Это было время, когда родители — особенно отец — стали уставать, они меньше говорили между собой, редко ходили в гости и почти не приглашали никого к себе. Работа отца стала длиннее, тяжелей, хотя он, как и раньше, уходил в восемь и возвращался в семь. Мать задерживалась после работы все чаще, приходила, шла на кухню, готовила всем есть, а потом садилась в кресло перед телевизором, что-то говорила, вздыхала, звонила по телефону — и вся видимость ее внимания ко мне и к отцу была пронизана такой тоской по чему-то несбывшемуся, что мне становилось ясно, почему отсюда уехал Вадим, почему вообще кто-то кого-то бросает, и почему, наконец, мне нужно было хоть что-то попытаться изменить. Как раз тогда я впервые смутно почувствовал, что жизнь, вероятно, состоит из двух неравных половин, посередине которых лежит изменение — как трещина или как мост, или может быть как смерть — не знаю, но мне реально показалось, что перемена — самое чистое и самое быстрое счастье, побуждающее жить. Я думал тогда, что изменение бывает только раз, и конечно в этом не ошибался. Но мог ли я знать, что пытаться уловить этот миг невыносимо трудно, а о том, чтобы не спутать его ни с чем другим, не следует и мечтать?

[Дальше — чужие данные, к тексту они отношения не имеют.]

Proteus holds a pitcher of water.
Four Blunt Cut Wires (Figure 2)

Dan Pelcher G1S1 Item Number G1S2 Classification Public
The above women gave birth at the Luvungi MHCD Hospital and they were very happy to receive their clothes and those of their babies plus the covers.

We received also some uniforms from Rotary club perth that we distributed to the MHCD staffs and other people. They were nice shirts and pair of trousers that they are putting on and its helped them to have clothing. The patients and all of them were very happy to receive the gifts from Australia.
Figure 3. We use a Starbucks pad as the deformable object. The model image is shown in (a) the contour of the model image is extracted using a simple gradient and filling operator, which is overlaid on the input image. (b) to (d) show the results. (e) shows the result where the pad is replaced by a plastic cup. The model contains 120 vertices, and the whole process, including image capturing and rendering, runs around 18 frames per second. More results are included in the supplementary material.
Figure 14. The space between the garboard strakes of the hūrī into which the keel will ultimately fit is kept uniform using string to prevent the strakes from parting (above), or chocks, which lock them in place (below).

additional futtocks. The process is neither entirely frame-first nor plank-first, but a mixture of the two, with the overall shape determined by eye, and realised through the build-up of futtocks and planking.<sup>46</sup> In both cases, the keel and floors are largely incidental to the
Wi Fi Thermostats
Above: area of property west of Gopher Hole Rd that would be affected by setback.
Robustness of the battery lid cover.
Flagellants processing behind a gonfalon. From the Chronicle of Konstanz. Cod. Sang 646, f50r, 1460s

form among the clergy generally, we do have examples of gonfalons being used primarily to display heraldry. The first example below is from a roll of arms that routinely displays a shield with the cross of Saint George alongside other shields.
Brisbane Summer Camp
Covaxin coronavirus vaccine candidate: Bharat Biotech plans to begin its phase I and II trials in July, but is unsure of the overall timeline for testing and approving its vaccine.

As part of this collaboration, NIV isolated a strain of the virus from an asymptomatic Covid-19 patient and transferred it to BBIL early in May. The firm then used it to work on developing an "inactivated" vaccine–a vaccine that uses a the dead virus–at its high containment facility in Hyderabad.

Я мечтал, как и прежде, о живописи, о большом новом городе и о том, как я буду там жить — по-другому. Но поступить в Ленинградскую художественную академию я не смог. Я поступал туда два раза, два года я готовился, ходил на этюды, но, вероятно, моему творческому воображению настал конец еще тогда, вместе с гипами.

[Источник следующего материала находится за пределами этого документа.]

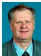
Minister of Defence Seppo Kääriäinen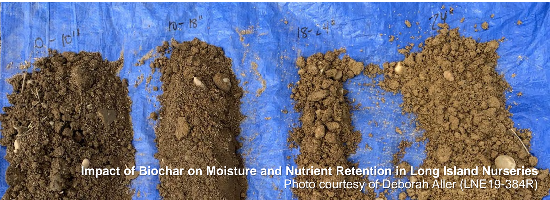
Impact of Biochar on Moisture and Nutrient Retention in Long Island Nurseries (LNE19-384R)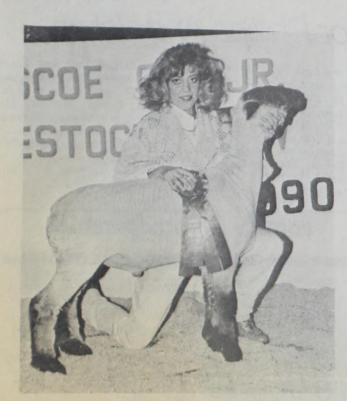
Breed Champion Finewool Crossbred Lamb, shown by April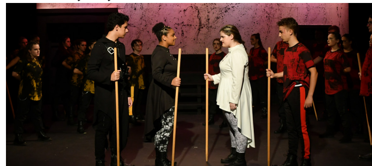
BRUTUS AND CASSIUS MEET WITH ANTONY AND OCTAVIUS ON THE BATTLE FIELD PRIOR TO THE BEGINNING OF THE WAR.

Julius Caesar was a fantastic debut to the drama season. Audiences can't wait to see what's next!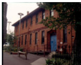
St Marks Anglican Church George Street Fitzroy Community Centre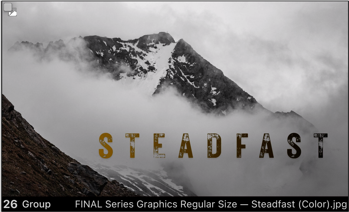
26 Group FINAL Series Graphics Regular Size — Steadfast (Color).jpg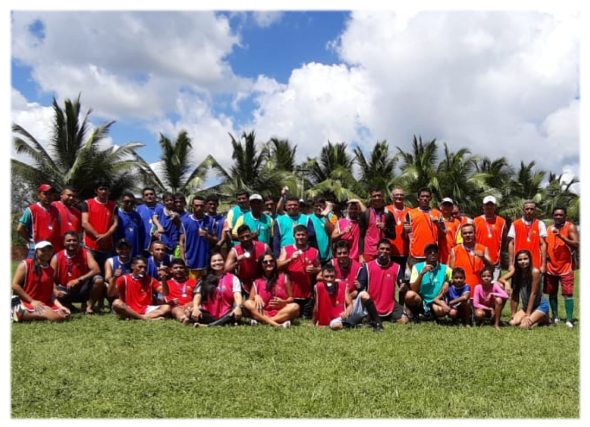
Our employees and their families had a great time at this year's soccer game

Меня забрали в армию, на два года как и брата, и там мое механическое умение рисовать проявилось в новом убогом виде — я украшал плац и территорию части плакатами по строевой подготовке и за это командование едва не наградило меня отпуском. Армия была продолжением детского лагеря в лесу, здесь избивали по-настоящему и могли убить, но тоскливая уверенность в перемене, подсказанная братом, помогла мне преодолеть это время, а когда оно кончилось — сразу забыть.

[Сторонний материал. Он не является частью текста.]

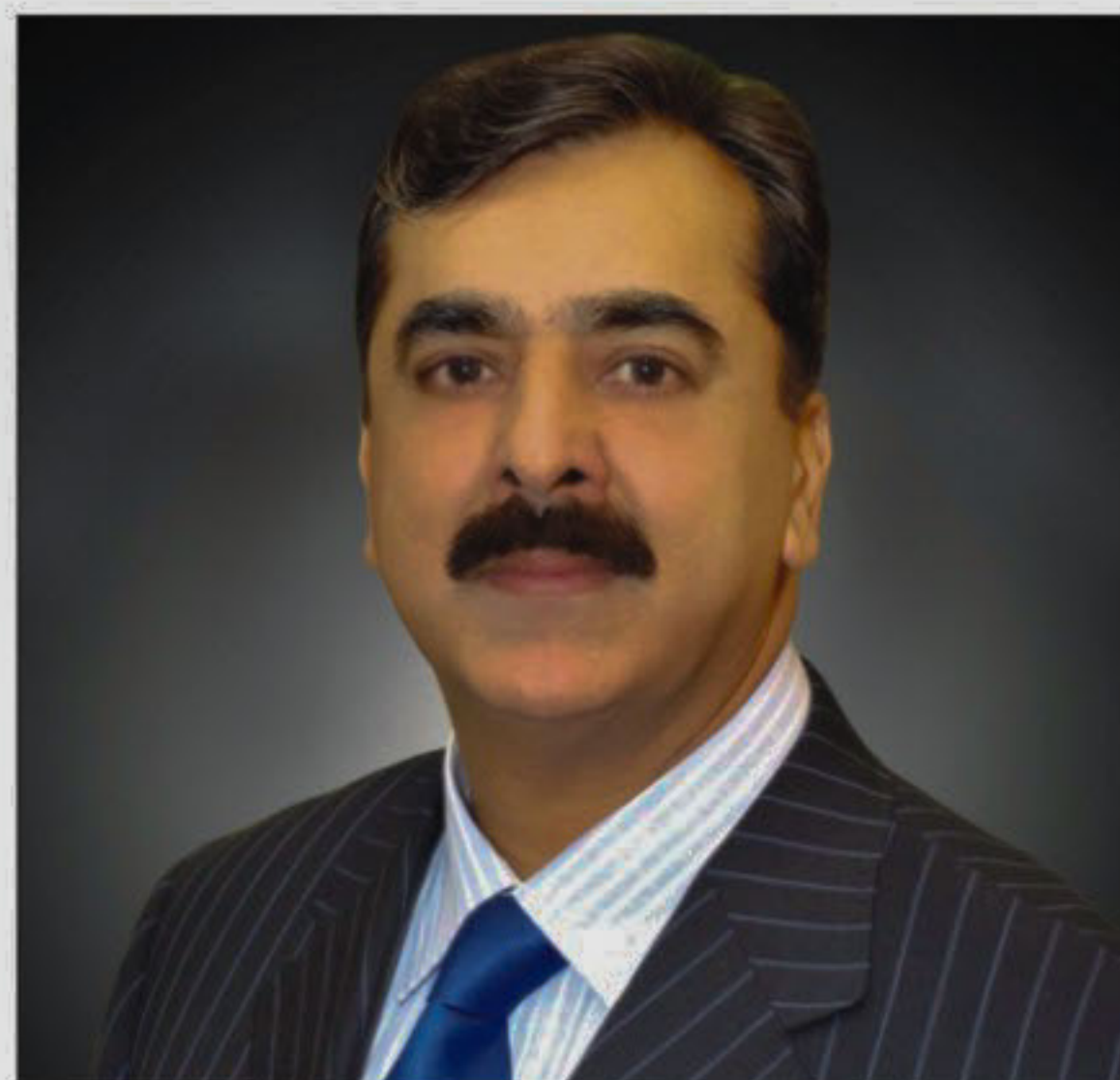
Yusuf Raza Gilani Prime Minister of the Islamic Republic of Pakistan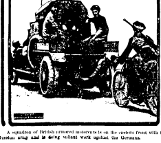
A squadron of British armored vehicles... (text continues with a description of the vehicle)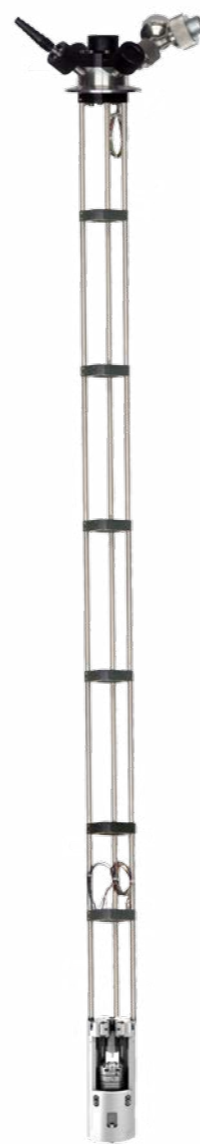
The attoAFM III microscope stick

* Resolution may vary depending on applied tip, sample, and cryostat

Я помню, меня пошатывало от восторга, когда я вернулся домой. Я даже не сразу понял смысл сообщения о Вадиме — о том, что он исчез, не вернулся, не захотел возвращаться домой. Еще в казарме я впервые смутно почувствовал, как зацветает, перестает течь источник нашей с братом связи. Письма мне писали только родители, чаще отец, все реже упоминающий о Вадиме. А теперь брат пропал. Отец, приехав в Москву, нигде не нашел его. Он не писал и не звонил. Мать уже выплакалась и рассказала, что с Вадиком все в порядке — какой-то ее знакомый случайно встретил брата в Москве, и он просил передать, что все, мол, хорошо. Что он обязательно приедет и просил не волноваться. «У него все хорошо, — повторял отец, — хорошо, хорошо, хорошо. У него есть работа и, кажется, семья». Они оба, отец и мать, говорили о нем как о совсем рядом живущем сыне, который вот-вот позвонит в дверь и войдет. Говоря со мной, они не обращались ко мне. Мне казалось, что не они, а Вадим их воспитывал — год за годом, с самого своего детства. Если бы пропал я, паника тут же вспыхнула бы как пожар, меня разыскивала бы милиция, меня бы нашли. Но брат — он недаром смотрел на нас так, словно мы не из его рода. Когда я думал о нем как о Ромееве, мне казалось, что его и мою фамилию тоже разделяют шесть лет.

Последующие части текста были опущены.